Unapologetically heavy and worth digging out time and again…
Review by Jason Guest
Les Acteurs De L’Ombre Productions: Website; Bandcamp; YouTube; Facebook
Release date: 19 September 2015
Another new band to these ears, album number two from France’s Regarde Les Hommes Tomber, Exile, is one of those records that gives you a stern telling off for not having heard of the band before and insists that you must catch up with all that they have released previously. With the tropes of sludge and post-black metal fleshed out with opaque and overpoweringly intense and weighted atmospherics, to say this is a heavy piece of work is a gross understatement.
The three-minute opening instrumental ‘L’Exil’ carves out a dark place before, about a minute or so in, against a cascade of sludge-infused blackened rage, melody after stirring melody continues to cut the air. The riffs crushing, the drums hard, the vocals torn, and the concentrated structure unforgiving, ‘A Sheep Among Wolves’ is a bruising hymn to the emptiness found within the empty promises of religious devotion.

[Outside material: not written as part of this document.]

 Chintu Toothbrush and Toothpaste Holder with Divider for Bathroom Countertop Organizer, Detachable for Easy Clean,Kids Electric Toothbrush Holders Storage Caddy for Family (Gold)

Powerful, potent, and punishing, at just over seven minutes it’s an impressive piece that holds you in its grip for the duration. So too ‘Embrace The Flames’. Similar in tone and texture, the track seems to grow out of ‘A Sheep…’, taking the riffs and the atmospherics into darker and more merciless territory. Three tracks in fifteen minutes and Regarde Les Hommes Tomber have dragged us deep into some twisted abyss ruptured by the sheer weight of its own despair and dejection.

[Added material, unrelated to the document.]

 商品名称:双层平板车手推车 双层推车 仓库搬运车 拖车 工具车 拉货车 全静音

As if in awareness of the weight of this burden, the two minute mystic haze that is the instrumental ‘They Came…’ is positioned perfectly at centre of the album. Here, there’s a sense of arrival that is unnervingly foreboding, as if the hollow within which we take respite is preparation for something much bigger than what we’ve been through so far. Enter ‘…To Take Us’ and the band are again slamming us up against the wall of disappointment and disaffection with a torrent of savage riffs, harsh vocals, ruthless and precisely carved drums strewn with mournful and melancholic passages that make the journey a disturbing one. The defiant ‘Thou Shall Lie Down’ drags the tempo down for a suitably colossal six minutes of distorted and contorted ruin, the latter half leaning on the black and the atmospheric before feedback mounts and we are faced to confront the closing track alone.
During the second half of the album, there are times when the album feels like the intensity levels peeked before ‘They Came…’ appeared midway, but with ‘The Incandescent March’, the album finishes on a low so heavy, so bleak, so crushingly commanding that you can’t help but be floored by it. In just over eleven minutes, we get the atmospheric, the melodic, the melancholic, the bleak, the battering and the affecting wrapped up in an array of musical diversity and complexity that when it finally ends, the effect of this album’s journey is fully realised. A stunning piece.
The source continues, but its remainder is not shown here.